An empty home, puddles of April rain and weeks worth of mud. 

I was dressed in my Sunday best, but my dress barely reached the bottoms of my knees

so none of the horrible could reach the fabric.

I was wearing cute fish-bone tights, because the April temperature was deceiving,

with open-toed black pumps decorated by soles worn too thin, 

and the sides scuffed by hard times and eager souls.

I went dancing that afternoon, 

I treated the puddles as if they were sections of the floor to avoid. 

I treated the gritty sand caking under my toes as a blessing. 

I let the rain frizz my hair, 

I let its color drip through my fingers, 

like blood down a blanched sink bowl. 

I swung my umbrella on its toes, 

striking the ground with its crown.

Tiptoeing around the shoreline where little worms writhed away, yet couldn't resist the temptation to drown. 

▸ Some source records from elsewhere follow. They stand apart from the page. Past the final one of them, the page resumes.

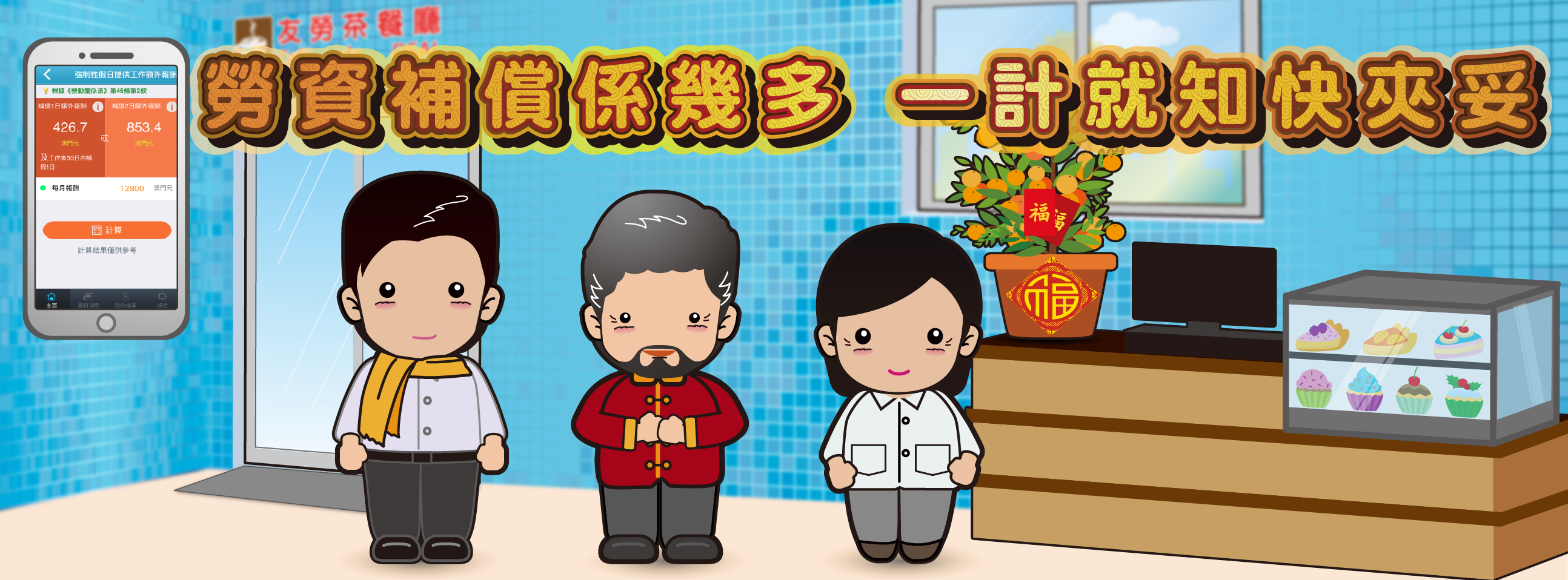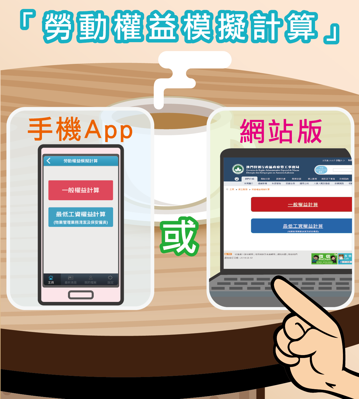 小编突然出现:系呀系呀!快D下载我地个手机App,入面设有「劳动权益模拟计算」,依家连网站都新增咗呢个功能添!市民由即日起登入劳工事务局网页(http://www.dsal.gov.mo/zh_cn/standard/menuugoto.html ),
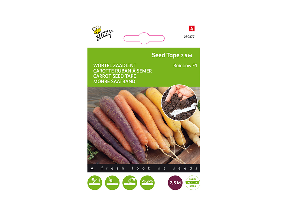 Zaaien wordt gemakkelijk met dit zaadlint van 7,5 meter, ingezaaid met Rainbow-wortelen. De gele tot paarse wortelen zijn een smaakvolle toevoeging aan verschillende gerechten, direct klaar voor gebruik in de tuin.
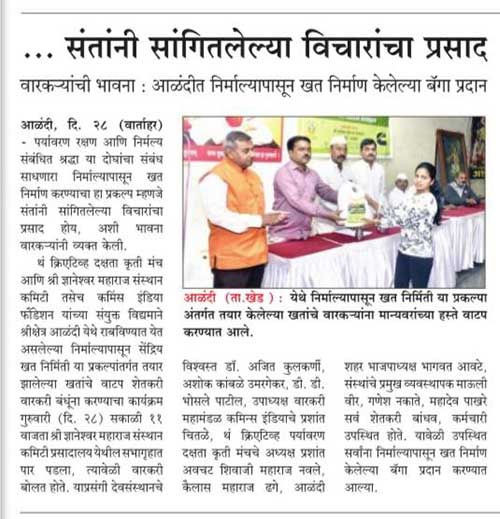ज्ञानेश्वर माऊलींच्या समाधीचे दर्शन घेऊन कृतकृत्य होण्यासाठी संपूर्ण देशभरातून हजारो भाविक श्रीक्षेत्र आळंदी येथे दररोज भेट देत असतात. येणारे भक्त समाधीस्थळी हार व फुले अर्पण करतात. या निर्माल्याची यांची विल्हेवाट लावण्याची यंत्रणा विकसित नसल्याने पर्यावरणाची हानी होणे या सोबत भाविक भक्तांची श्रद्धा पायदळी तुडवली जाणे अशी दुहेरी समस्या इथे होती. याचबरोबर भोजनप्रसादासाठी वापरण्यात येणाऱ्या ताट व वाटी धुण्यासाठी मोठ्या प्रमाणात पाणी वापरले जायचे. या ऐवजी आता देवस्थान संस्थानने नैसर्गिक पानांपासून बनवलेल्या पत्रावळी आणि द्रोण वापरण्यास सुरुवात केली आहे. मात्र त्यांची योग्य विल्हेवाट कशी लावायची हा प्रश्न होता. या समस्येवर मात करण्यासाठी थं क्रिएटिव्ह पर्यावरण दक्षता कृती मंच, कमिन्स इंडिया फाउंडेशन व श्रीज्ञानेश्वर महाराज संस्थान कमिटी आळंदी यांचे संयुक्त विद्यमाने एप्रिल २०१९ पासून निर्माल्य तसेच द्रोण आणि पत्रावळींपासून सेंद्रिय खत निर्मिती प्रकल्प सुरू करण्यात आला आहे. याची सुरुवात एप्रिल २०१९ मध्ये करण्यात आली आहे.
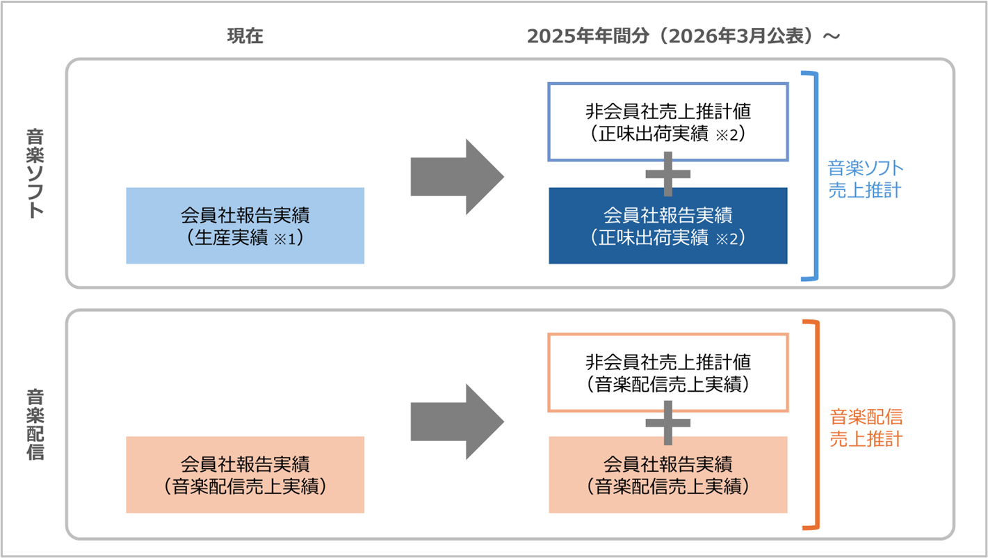 初回は、2025年1月から12月までの「音楽ソフト・音楽配信売上推計」について、2026年3月上旬に公表する予定です。以降は四半期ごとに公表いたします。
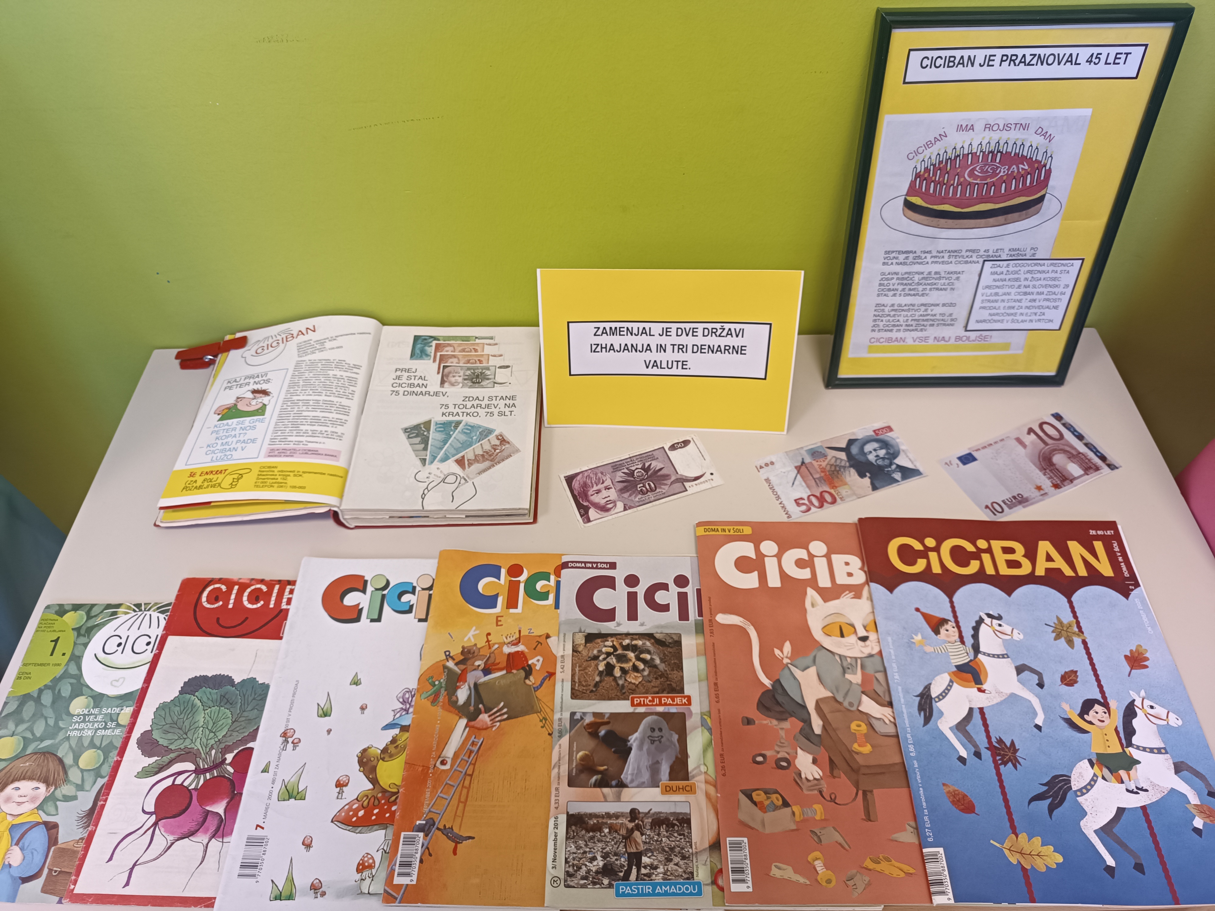 Revija, ki smo jo najverjetneje prebirali vsi, starši, vzgojitelji in še marsikatera nona in nono, letos praznuje celih 80 let. Ciciban se je »rodil« jeseni 1945 pri Založbi Mladinska knjiga. Ime je dobil po naslovu pesniške zbirke in literarnega lika Otona Župančiča in je v takratnem povojnem času igral vlogo berila za otroke. Od takrat pa do danes se je spreminjala njegova vsebina, format, uredniki in pisci, pa tudi državi izhajanja in denarne enote, v katerih ga plačujemo. Vse to in še več si lahko ogledate in preberete na razstavi, ki smo jo otvorili v tednu otroka. Lepo vabljeni in vse najboljše Ciciban!

And when I was done dancing,

soaked and chilled to my very bone, as deep into the marrow of it all as a person could possibly believe,

I left behind my muddy footprints, little signatures. 

My signatures, the best I could come up with. 

Mess. Mess from making the best out of a rainy day. 

A rainy Sunday. 

A rainy Sunday's best. 

And no one, except for the lingering presence of freshly ground coffee was home to stop me.